The FBI has decided that accepted Freedom of Information Act requests by email is too … um … Difficult? Time-consuming? Irritating? Easy?
Instead, FOIA requests to the FBI must now be sent by snail mail, by fax (!), or through a new eFOIA portal that restrictes requests submitted per day and subjects covered by requests (and which may be rejected as electronic submissions anyway, and which only operates during certain hours (!).
The FBI motto is "Fidelity, Bravery, Integrity." Apparently "Transparency" is distinctly not a part of that.
FBI axes FOIA requests by email, so dust off your fax machine | TechCrunch
They theory I saw bandied about somewhere is that they couldn't manage the spam. It's possible (governments really can't afford false negatives), but I'm dubious.
Too difficult to verify the requester. It shouldn't be done via fax either.

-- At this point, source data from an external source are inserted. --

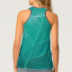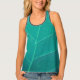The abstract artwork by ZoeSPEAK on this racerback Tank Top is an original photograph of a sea grape leaf, after a light shower. A few rain drops can be seen in the closeup photo, which shows the veins of the leaf making parallel linear patterns diagonally across the tinted aqua design.
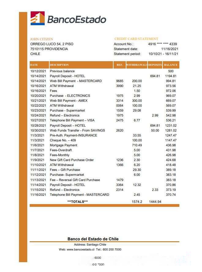 Chile Banco del Estado de Chile bank statement easy to fill template in .xls and .pdf file format download template file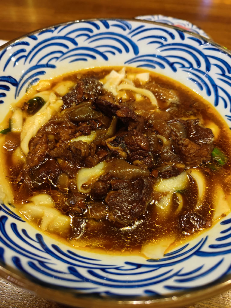 On peut goûter les spécialités du Shanxi dans la touristique Pingyao, en premier lieu desquelles on a les 削面 pâtes coupées, le vinaigre, le bœuf séché, il y a aussi un alcool très connu mais ça je ne le goûterait pas. Un restaurant semble avoir une certaine réputation ici, mon aubergiste me l’a recommandé et c’est très bon.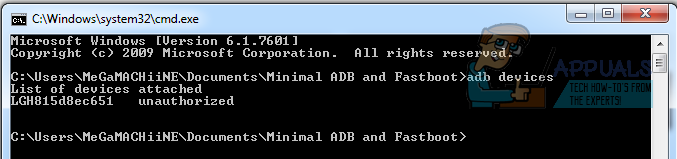 Next, type ‘adb devices’ into the command prompt. You should see your device like below if you have correctly followed the steps above. If it did not appear, try repeating the steps above and ensure you have installed the LG PC drivers.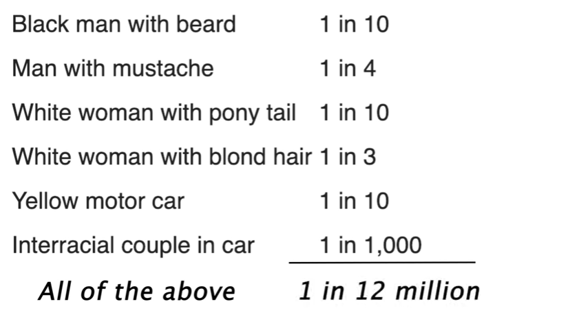 လုယက်မှုဟာလည်း ဒီသဘောပါပဲ။ သင်္ချာပညာရှင်တွက်ပြတာက 1 in 12 million chance ရှိပေမယ့် မိသွားတဲ့အခါမှာ လုသွားတဲ့အတွဲက ဒီအတွဲဖြစ်နိုင်တယ်ဆိုတဲ့ Chance က 100% ဖြစ်သွားတာပါ။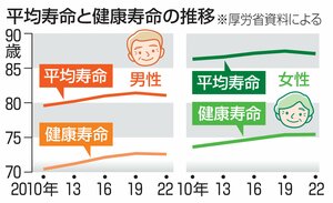 社会 2022年の健康寿命、男性72・57歳、女性75・45歳でほぼ横ばい・厚労省調査 ウイルス禍が影響か 2025/1/1 22:00 厚生労働省は、介護を受けたり寝たきりになったりせずに日常生活を送れる期間を示す「健康寿命」が、2022年は男性72・57歳、女性75・45歳だったと公表した。前回調査の19年(男性72・68歳、女性... 残り530文字(全文:630文字) ここから先を読むには 続きを読む(会員登録する) 続きを読む(ログイン) 新潟日報朝刊を購読していますか? はい いいえ トップページで最新情報を見る 関連ニュース 喫煙率14・8%過去最低、「たばこをやめたい」25・0% 厚... 2024/9/16 新型コロナウイルス国内累計死者10万人超、新潟県は1200人... 2024/6/6 津波到達前後に各地で車渋滞、浸水想定区域内でも…青森震度6強... 12/13 拉致問題「高市総理のもとであらゆる手段尽くす」と木原官房長官... 12/13 [Q&A]災害時のペット避難、準備する物は?一緒に避難できる... 12/13 中高一貫の県立中等教育学校で入試、大雪避けて初の12月実施 ... 12/13 [鉄道運行情報]12月14日、JR越後線・弥彦線の一部で運転... 12/13 住宅地の柿の木に熊とどまる、緊急銃猟で駆除・南魚沼市 市内2例目 12/13 「ブラックジャックによろしく」などの佐藤秀峰さんの作品、啓発... 12/13 アスベスト被害者や家族対象の無料電話相談が12月18、19日... 12/13 スポーツ、文化分野での貢献に感謝!新潟市が功労者を表彰 20... 12/13 環境と騒音に配慮!津南町で電動建設機械による除雪作業試行 環... 12/13
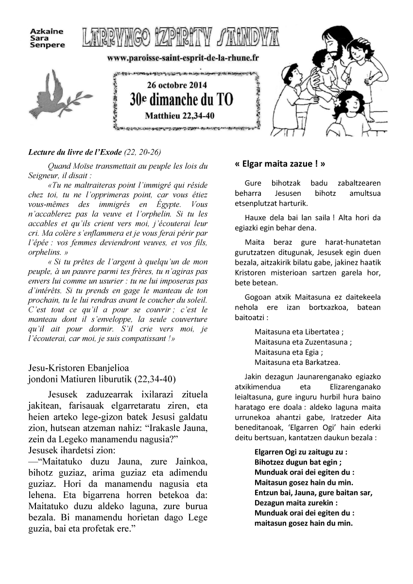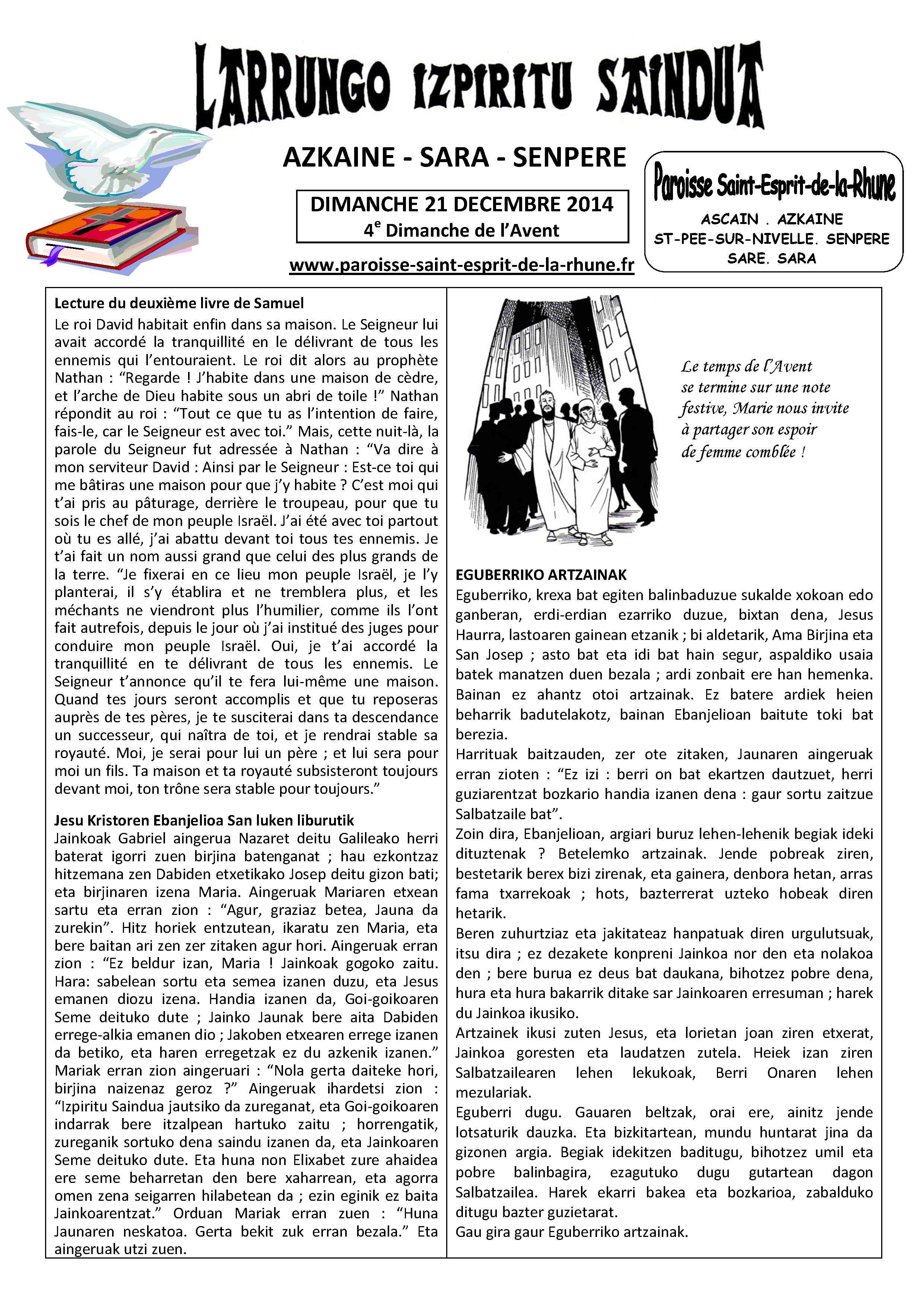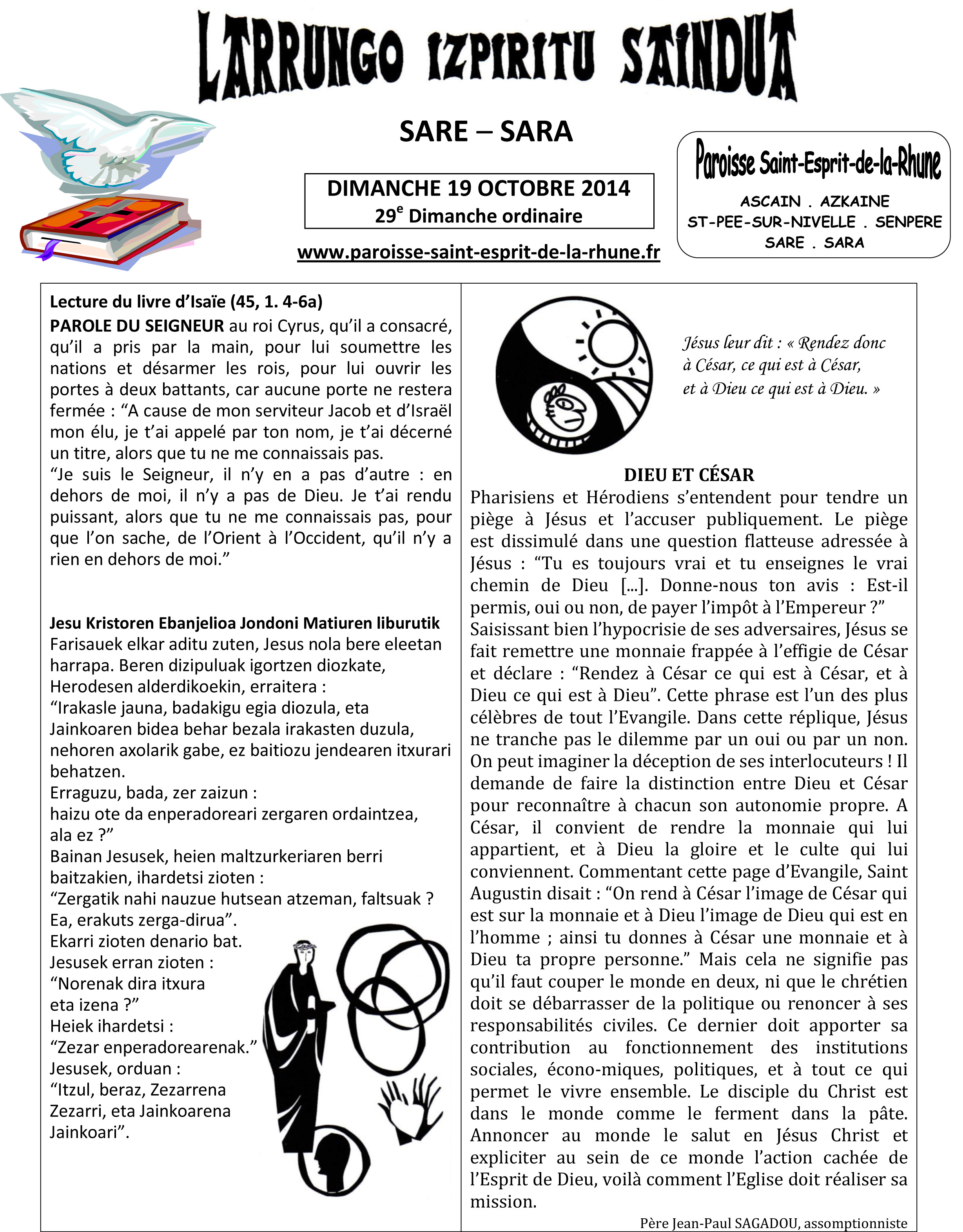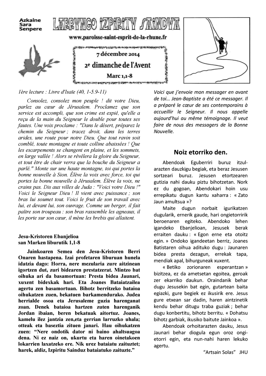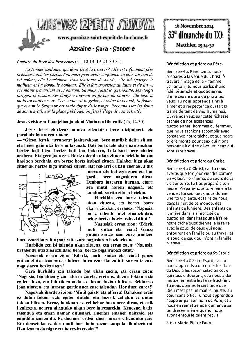 FEUILLEPAROISSIALE9NOVEMBRE2014SARE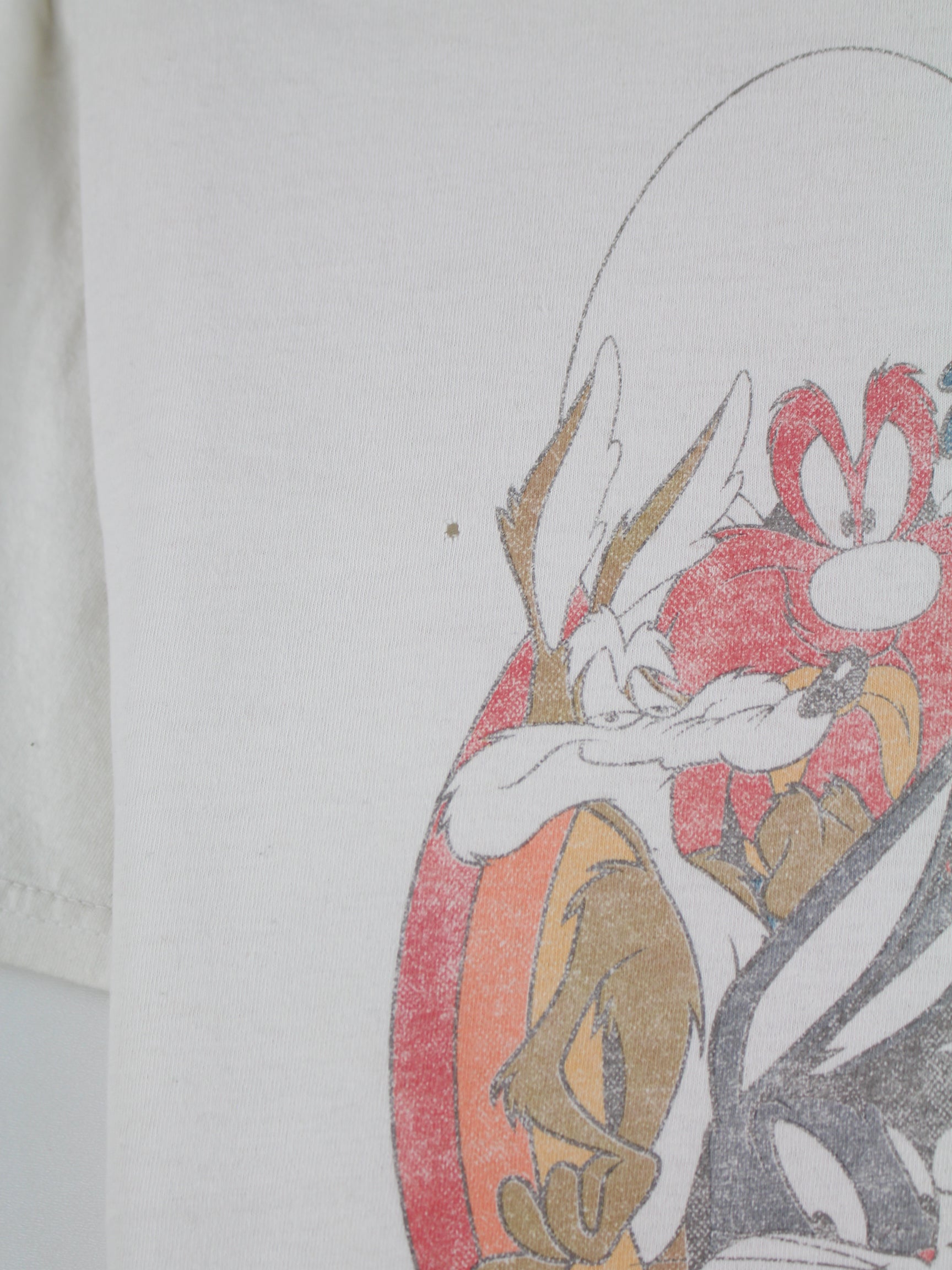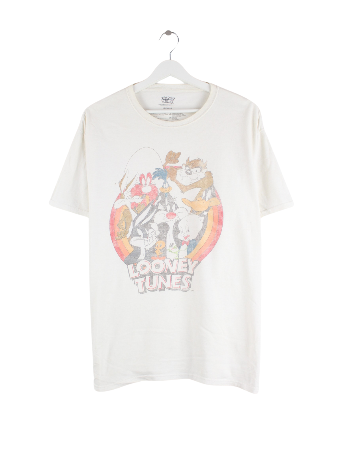 Weißes T-Shirt des Labels Looney Tunes in Größe L. Es ist aus Baumwolle produziert und in gutem Zustand in Stock. Mit schickem Print.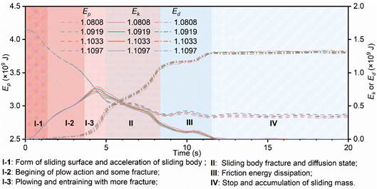 创新点:① 黄土高速远程滑坡运动过程中,滑体物质结构呈现由连续向非连续结构转变、运动状态由固态向类流态转化的特征;② 滑体规模与阶地起伏度对滑坡能量转化及物质运移过程具有相反的影响规律;③ 铲刮作用与地形粗糙度呈负相关,而与滑体体积呈正相关。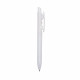 Obs.: Caneta plástica branca com detalhes no acionador e destravador colorido. Aciona por clique e para destravar basta apertar a parte inferior do clip.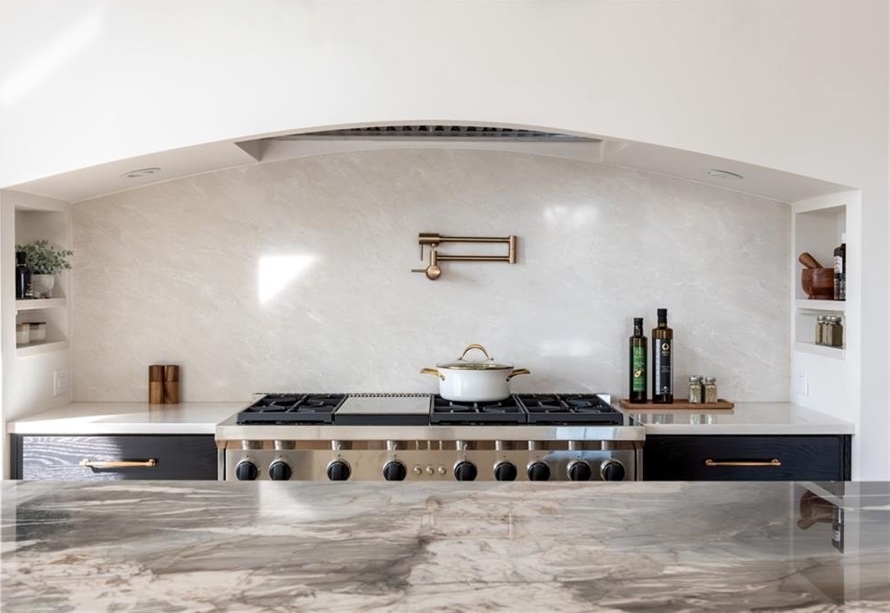 Main Level: An enhanced floor plan with 10' ceilings, statement lighting, and expansive casement windows fill the home with natural light. The professional grade kitchen is the centerpiece, offering a stunning oversized quartzite island, quartz countertops, a custom cooking alcove with Pro-Style Wolf range, Sub-Zero refrigerator and freezer towers, Sub-Zero beverage cooler, Cove dishwasher, and a scullery with its own refrigerator and dishwasher for added prep and storage.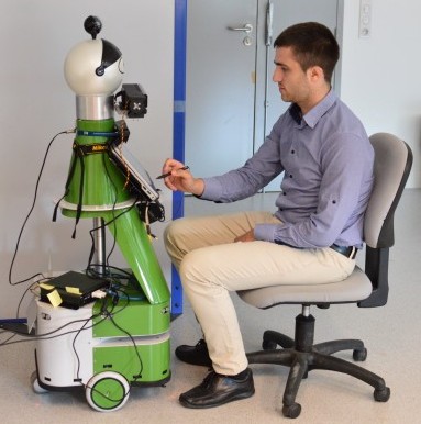 Participant interacting with the Kompai robot (New):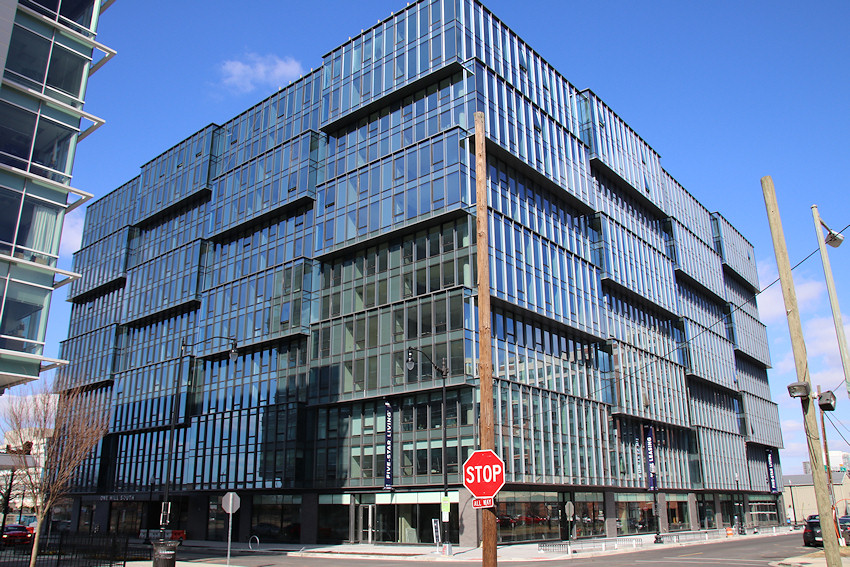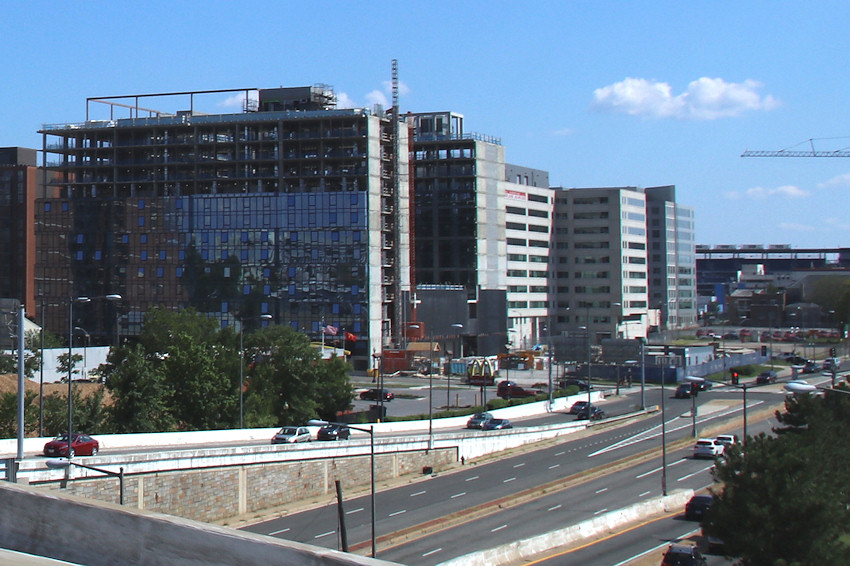 Aug. 20, 2016 - The building has now taken a prominent position in the view of the neighborhood from the Southeast Freeway. Nats Park is visible down South Capitol Street at far right.

+Kee Hinckley It doesn't seem like an insurmountable problem, and, even if true, capable of far better solutions than what they are turning to.
The government hates FOIA, for the very reasons that make it so necessary. I have very little doubt that, without executive or legislative (or perhaps judicial) urging, nearly any department would be happy to further slow, stonewall, or stymie such requests.
+Stripes The Tiger I've not submitted a FOIA request, but I know the article noted validation information that needs to accompany such requests, including an email address; I presume there is some circlilng back on these by phone or email with a "We are in receipt of a request, please verify …" thing.